Abstract

A new method developed for estimating water depths of benthic foraminifers was implemented for Oligocene foraminiferal biofacies from the New Jersey Coastal Plain. We combined benthic foraminiferal biofacies and two-dimensional flexural backstripping to construct a two-dimensional paleoslope model. The original depositional geometry of New Jersey Oligocene strata was reconstructed by calculating the effects of sediment accumulation and flexural loading. Paleodepth estimates for benthic foraminiferal biofacies were calibrated to inner neritic facies along the resulting nonlinear profile (e.g., with clinoforms). Paleodepth estimates for ten foraminiferal biofacies ranged from 20 ± 10 m to 115 ± 30 m and were consistent with more qualitative estimates based on other methods (e.g., foraminiferal abundances and species diversity).

Applying this method to the New Jersey coastal plain for the Oligocene showed clear distributional patterns of benthic foraminiferal biofacies. This enabled paleobathymetry to be determined for the reconstructed New Jersey margin as well as significant stratal surfaces within sequences (i.e., systems tracts and condensed sections). Paleodepth estimates ranged from nearshore (20 ± 10 m) up to 85 ± 25 m for deposits landward of the clinoform rollover of the underlying sequence boundary and from middle neritic to outer neritic (50 ± 20 m to over 100 ± 30 m) on the slopes of the clinoforms.

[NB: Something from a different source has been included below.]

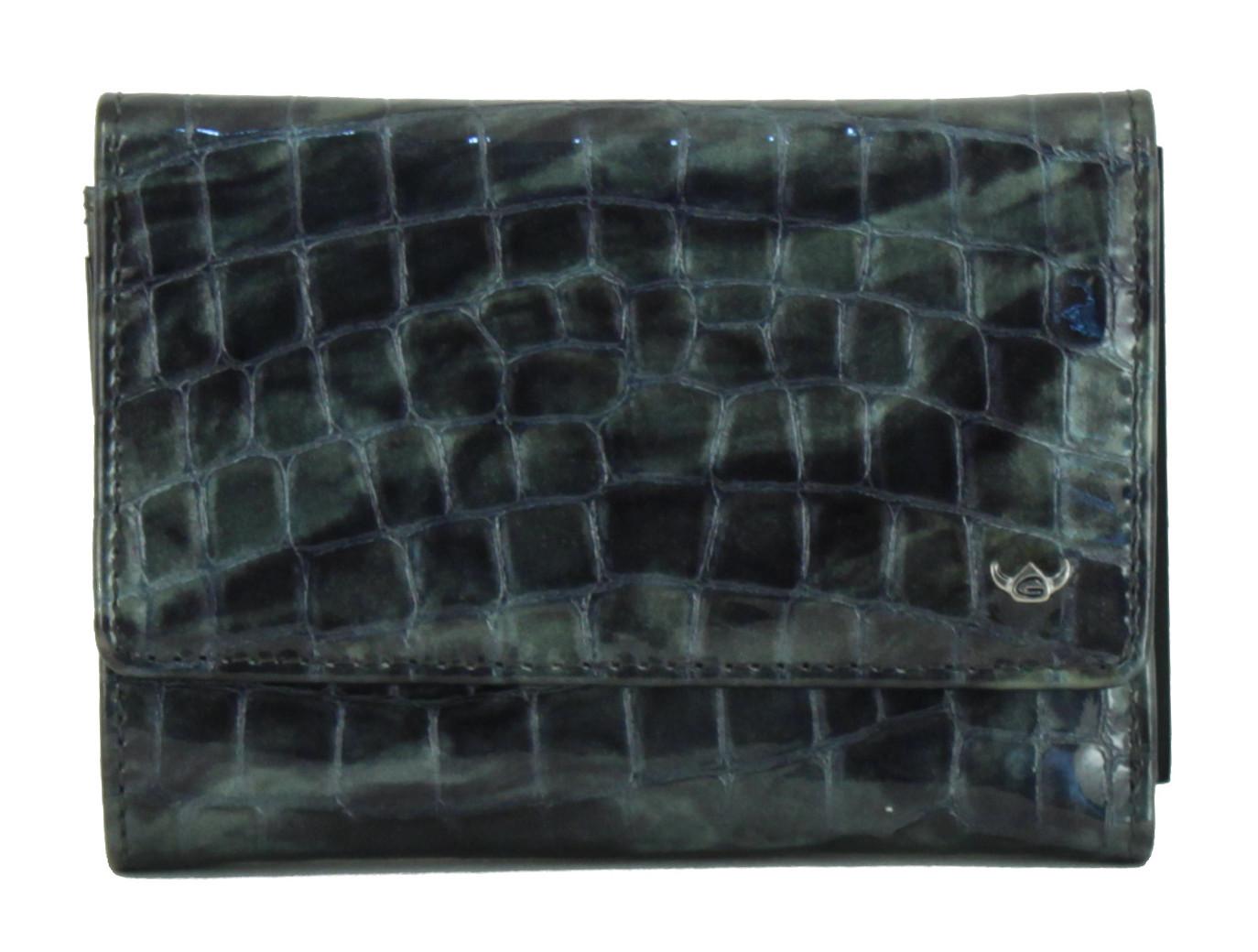 Die Geldtasche der Serie Cayenne von Golden Head ist aus hochwertigem Vollrindleder mit Lack-Krokoprägung in glänzendem Grau gefertigt.

During earliest transgressive systems tracts, paleodepths immediately seaward of the clinoform slope ranged from inner neritic (< 40 m) at updip sites to outer neritic (> 100 m) at downdip sites. During early highstands, paleobathymetry ranged from 45 ± 10 to 85 ± 25 m landward of the clinoform rollover to 85 ± 25 m to over 100 ± 30 m on the slope (seaward of the developing prograding sedimentary wedge), while during late HSTs, paleodepths shoaled to as shallow as 25 ± 10 m near the clinoform rollover.

This method can be applied to other continental passive margins to reconstruct the stratal geometry of and estimate water depths on the shelf. Furthermore, by extending this process, relative sea level and eustatic timings and amplitudes could be evaluated.